Except that Oregon's sentencing guidelines have blocked judges from sending someone convicted even 15 times for Possession of heroin or meth to any sentence longer than 30 days, and in reality capped that at 10 days. That had been the law since 1989. Oregon had the second lowest number of inmates in for drug crimes, only Vermont had lower rates. But in reality no judge sentenced a mere addict to ANY jail for at least two decades, instead opting for drug court. Then in 2017 the Democratic-dominated legislature reduced all drug possession crimes to misdemeanors, effectively defunding any court-ordered supervision.

When the vast majority of voters were told they could have the most "progressive drug laws" (M 110) in America, most bought the lie. Possession of 39 tablets of OxyContin is now a Class E Infraction, meaning it is less serious than having mud on your license plate. The courts "suggest" judges levy a $25 fine, assuming first that any police officer even bothers to cite the drug user, and even less likely that the addict makes a voluntary court appearance (no warrant can issue for even repeated failures to appear and the repeat addict's driver's license CANNOT be suspended). Drug citations, already at a tiny fraction of what they were just 5 years ago can now be counted on one hand in some counties. The theory was that junkies would opt to call a "hotline" to avoid paying fines.
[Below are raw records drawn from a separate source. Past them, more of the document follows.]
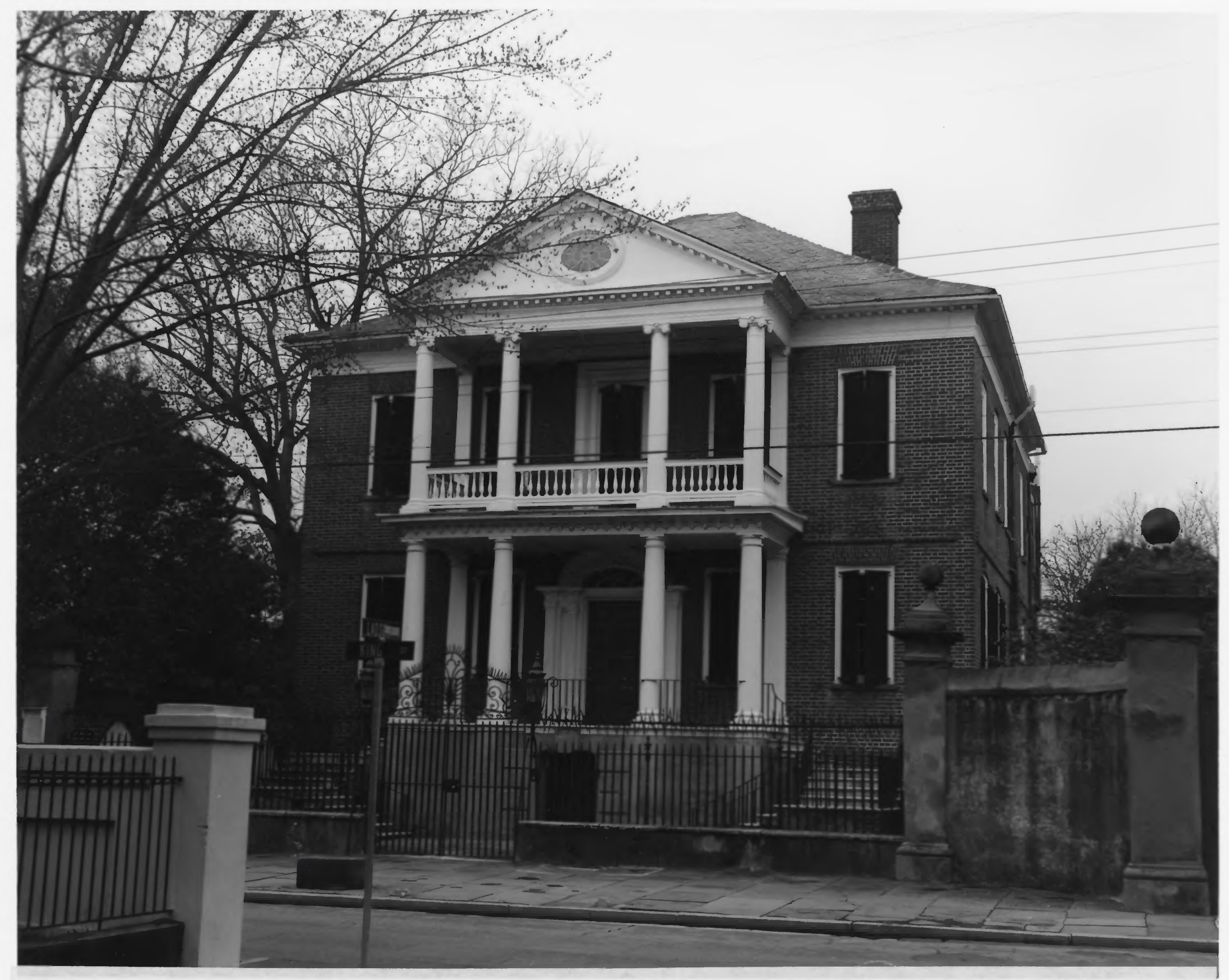
Miles Brewton House, Charleston, South Carolina
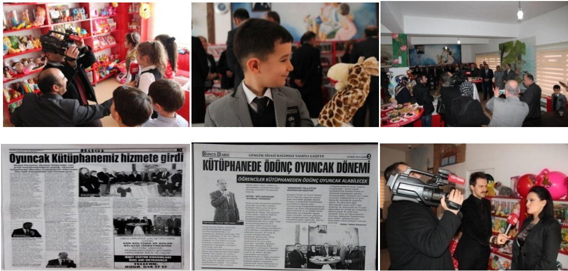
Figure 5. The opening ceremony

The purpose of the project and its function was announced to the public with an official opening ceremony held on March 13, 2014 with the participation of management from the official institutions, representatives of the NGOs, and the press.
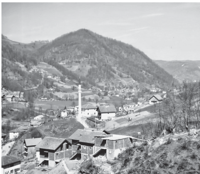
Srebrenica – The Vidikovac mosque during the war, 1994

In the Zoran Petrović Piroćanac video, the Vidikovac mosque and its minaret can still be seen standing as of 14 July 1995. But not for long. Like the other mosques in Srebrenica, the mosque Azem Begić built on Vidikovac hill was blown up with high explosives and left a gutted ruin.
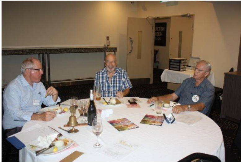
The modest gathering
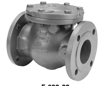
F-938-33 Flanged-Raised Face
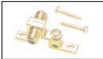
CT 722 Die Cast/Mounting Block w/screws (2 pkg)
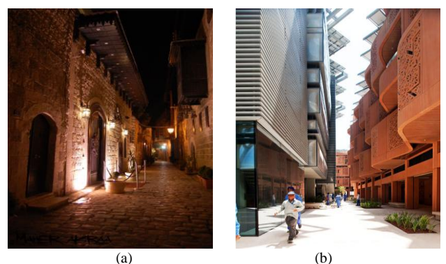
Fig. 2. (a) Narrow streets in old city of Aleppo. (b) Contemporary reinterpretation of Narrow streets.

And to provide a shaded network of narrow streets (Fig.2a) and small spaces in between as patio-like areas. Arcades, colonnades, cantilevered buildings or building components, membranes and small enclosed courtyards are traditional responses to the climate; even larger public open spaces should be enclosed, inward looking and shaded for most of the day [2].
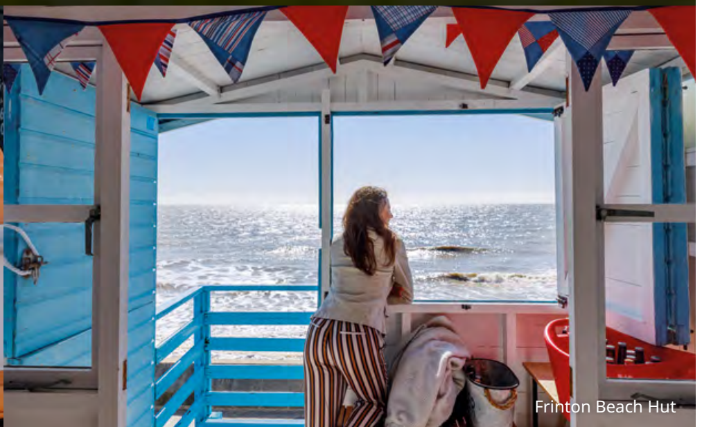
Frinton Beach Hut

Thus far a grand total of 51 people have called, and a total of 8 have actually sought treatment.

Since the possession of a gram or two of meth or heroin is functionally legal, police no longer have probable cause for any crime, and cannot even ASK to search further, and certainly cannot seek a search warrant. Although fentanyl isn't included in the newly-legalized drugs, it almost always presents as bogus 30 mg. Oxycodone tablets, so without testing onsite, officers have no method and less incentive to investigate further.

Oregon now can claim the WORST overdoes rate in the nation, and also the least treatment options for addicts.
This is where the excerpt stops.